What is WebMCP and how does it relate to MCP?

WebMCP is a W3C Draft Community Group Report that brings MCP-inspired tool registration into the browser via the navigator.modelContext API. Unlike server-side MCP (which uses JSON-RPC between backend services), WebMCP runs entirely client-side. The browser translates registered tools into MCP format when communicating with agents, but WebMCP itself uses a simpler JavaScript API rather than the full MCP protocol.

Which browsers support WebMCP today?

As of March 2026, only Chrome 146 Canary supports WebMCP behind the 'WebMCP for testing' flag at chrome://flags. Microsoft Edge support is expected but not formally announced. Firefox and Safari have not indicated plans. Broader rollout is expected by mid-to-late 2026.

Does WebMCP replace server-side MCP?

No. They are complementary. Server-side MCP handles backend integrations, service-to-service automation, and headless agent workflows. WebMCP handles browser-based interactions where a user is present and the agent operates within the user's authenticated session. Most production systems will use both.

How does WebMCP handle security and user consent?

WebMCP uses a permission-first model. The browser mediates all tool invocations and requires explicit user consent before executing sensitive actions via requestUserInteraction(). Tools inherit the page's origin security boundary, require HTTPS, and respect Content Security Policy. The user is always in the loop.

What performance improvements does WebMCP offer over screenshot-based agents?

Early benchmarks show 89% token reduction versus screenshot approaches, 67% computational overhead reduction, and 98% task accuracy on structured tool calls. These gains come from replacing vision model inference on 500KB+ images with structured JSON schemas that are a few hundred bytes.

Can I use WebMCP with existing HTML forms?

Yes. The Declarative API requires zero JavaScript. Add toolname, tooldescription, and optional toolparamdescription attributes to your existing form elements, and Chrome auto-converts them into callable tools for agents.

Why Browser Agents Waste 89% of Their Tokens

Our agent was screenshotting web pages. Every interaction started with a 500KB PNG, 300ms of vision model processing, and an 85% chance the agent would click the right button. On a good day.

The screenshots ate tokens. A single page capture consumed 1,500-2,000 tokens just to describe what a human could see in a glance. Multiply that by every step in a checkout flow, a flight search, a form submission. Our agent burned through context windows like they were free.

Then navigator.modelContext shipped in Chrome 146 Canary.

Instead of sending a screenshot and asking "what do you see?", the website now tells the agent: "Here are my tools, here are their parameters, here is how to call them." Structured JSON. A few hundred bytes. 89% fewer tokens. 98% task accuracy.

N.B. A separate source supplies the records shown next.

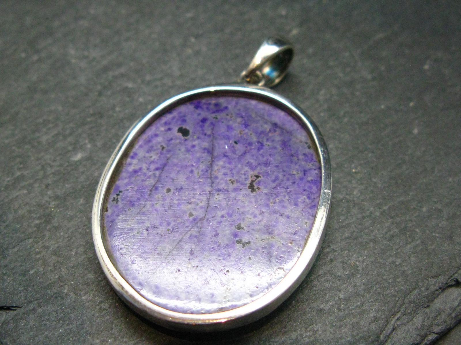 A beautiful rich purple Sugilite silver pendant from South Africa with a good color. Sugilite is 3.7 centimeters.
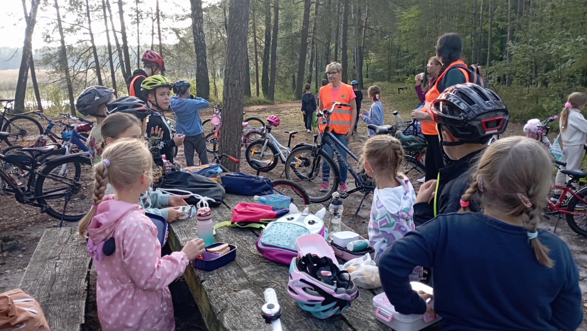 W drodze powrotnej obejrzeliśmy jeszcze nenufary na małym stawie. Szczęśliwie dotarliśmy do szkoły. Wszystkie dzieci zdały egzamin na Super Rowerzystów
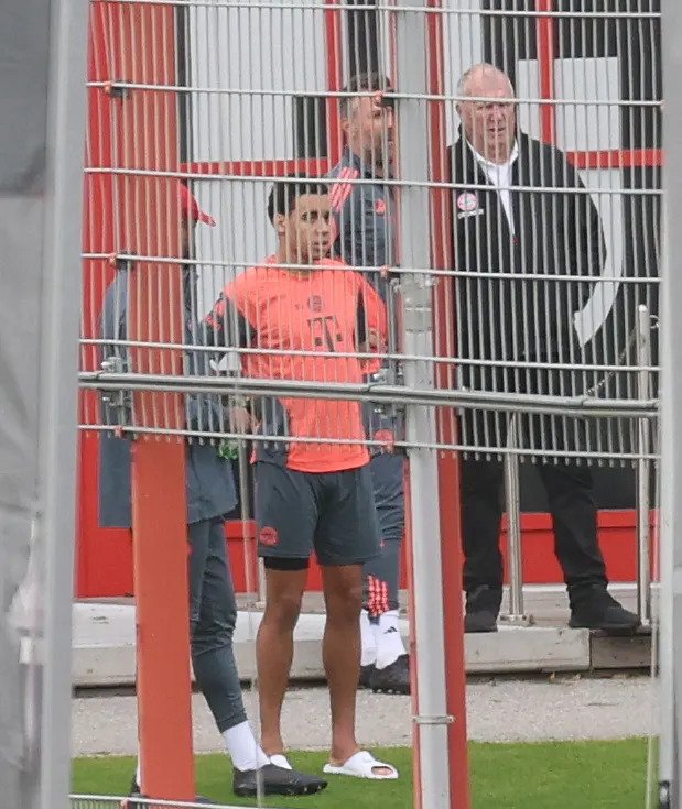 무시알라가 목발 없이 슬리퍼 차림으로 팀 훈련을 지켜봤어요. 베르더 브레멘전 앞두고 콤파니 감독과 5분간 대화하며 밝은 분위기!
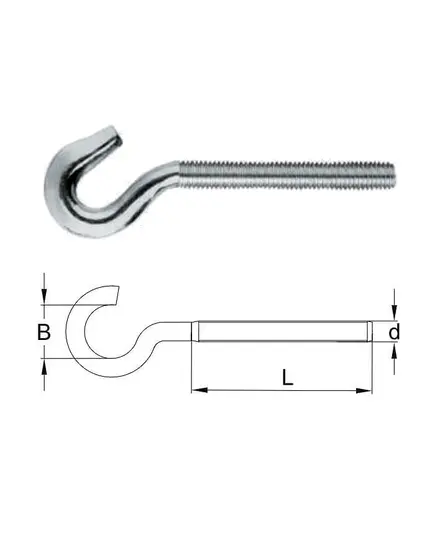 Γάντζος γαλβανιζέ με μετρικό πάσο Μ08 μήκους(L) 60 χιλιοστών
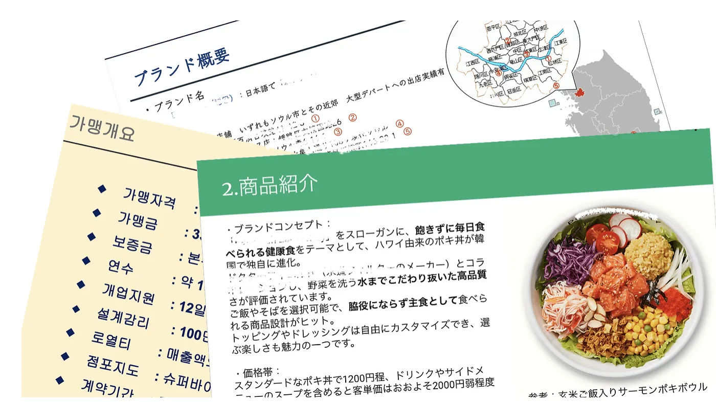 フランチャイズ企業の国際的なマッチング仲介を事業の柱としております。トレンディで成長過程にあるフランチャイズブランド様の多くは、海外事業部を持たないため、海外からのオファーがあっても対応できなかったり、そもそも海外のポテンシャルバイヤーに接触することすら困難です。弊社はそんなニーズを持つ企業様をサポートすることで、どんなに小さなブランドにも挑戦の機会を提供します。2023年の実例では、韓国で5店舗しかないドーナツの名店を、日本の大手飲食企業とマッチングさせ、出店からFC展開までを達成しました。企業間マッチングのみならず、ブランド認知度向上のためのポップアップストア出店代行や、現地ランディングページ制作代行等、包括的なサポート内容を揃えております。
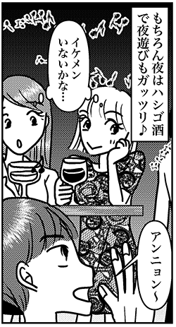 サイゾーウーマンカルチャーマンガアラフォー婚活、韓国・釜山を満喫! カルチャー まんが『オバサンと言われても結婚したい!』274話 【アラフォー婚活ルポ】韓国・釜山を満喫! 海鮮に美活、夜遊びでイケメンとの出会いも 2023/09/24 13:30 白戸ミフル(マンガ家) オバサンと言われても結婚したい! 夜遊びもガッツリ ――続きは9月27日公開! 【アラフォー婚活ルポ】セフレになる気はない! 「けじめ」のメッセージに対する返信は……――合コン歴20年以上、累計回数2,500回以上、30代なかばに乳がんで闘病するも、現在は絶賛婚活中のライター・漫画家の白戸ミフルが「アラフォー婚活」の実体験をほぼリアルタ...サイゾーウーマン2023.08.02 【アラフォー婚活ルポ】普段は優しい彼なのに……ホテルの前での一言に困惑――合コン歴20年以上、累計回数2,500回以上、30代なかばに乳がんで闘病するも、現在は絶賛婚活中のライター・漫画家の白戸ミフルが「アラフォー婚活」の実体験をほぼリアルタ...サイゾーウーマン2023.07.30 ――バックナンバーはこちら 前のページ123 白戸ミフル(マンガ家) 神奈川県出身。漫画家・ライター。タレント活動の後、マスコミ系の職業を渡り歩き、現在は化粧品メーカーに勤務。合コン歴20年以上、累計回数2500回以上。女性向けwebメディアほか、男性向けメディア、旅系メディア等でライターとして幅広く執筆。著書『合コン・アンド・ザ・シティ 恋活・婚活女子の合コンマニュアル』(ごきげんビジネス出版)、 『乳がんステージ4だった私が、それでも合コンに行きまくって救われた話』(キノブックス) 記事一覧 X:@takara0722 Instagram:@tamifull0722 【アラフォー闘病&婚活記】 最終更新:2023/09/24 13:30 相変わらずアクティブ! 関連記事 【アラフォー婚活ルポ】アプリで出会った彼氏とスピード破局! イケメンだったのに惜しいことした?【アラフォー婚活ルポ】アプリ婚活を再開! コミュニティで共通の話題のある人を探す!【アラフォー婚活ルポ】なんつーイケメン!!! 銀座に降臨した美しき婚活男性【アラフォー婚活ルポ】39歳でフラれた私は「鬼」になった! 恋愛してやる!! 【アラフォー婚活ルポ】結婚相談所の紹介は○○……アラフォー3人、2021年の婚活を振り返る! その他の作品を読む 次の記事 松村北斗とアイナにモヤモヤするファン >
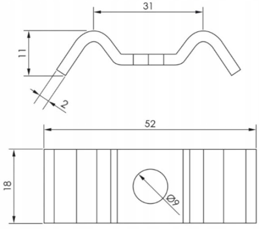 - мінімальна відстань між плоскими брусками / поперечними брусками (другий розмір у розмірі сітки): 22 мм - пресовані решітки або 24 мм - зварні решітки
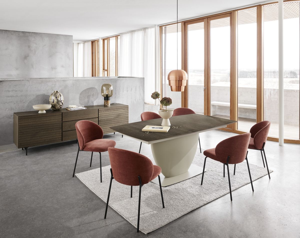 Stół Fiorentina, jako następca popularnego modelu Milano, jest dostępny w nowych kolorach i wykończeniach. Metalowe detale ramy zamieniono na wyszukane matowe czernie i biele, z kolei organiczny kształt podstawy można teraz zamówić w modnej, popielatej szarości. Jego kolorystyka może stać się punktem wyjścia do stworzenia spójnej aranżacji w jadalni przy użyciu stonowanych barw, urozmaiconej wyrazistymi dodatkami, takimi jak dywan o ciekawej teksturze czy dekoracyjny wazon.
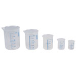 A set of five graduated beakers that feature wide mouths for easy measuring.

This is WebMCP, and it changes the economics of every browser-based AI agent.

What WebMCP Actually Is
Screenshot vs. WebMCP
The Declarative API
The Imperative API
Security and Consent
WebMCP vs. Server-Side MCP
What This Means for Agents
Getting Started Today

What WebMCP Actually Is

WebMCP is a browser-native JavaScript API (navigator.modelContext) that lets websites expose structured, callable tools to AI agents. Instead of agents reverse-engineering a page from its DOM or pixels, the page declares what it can do. Jointly developed by Google and Microsoft through the W3C Web Machine Learning Community Group, it shipped as an early preview on February 10, 2026.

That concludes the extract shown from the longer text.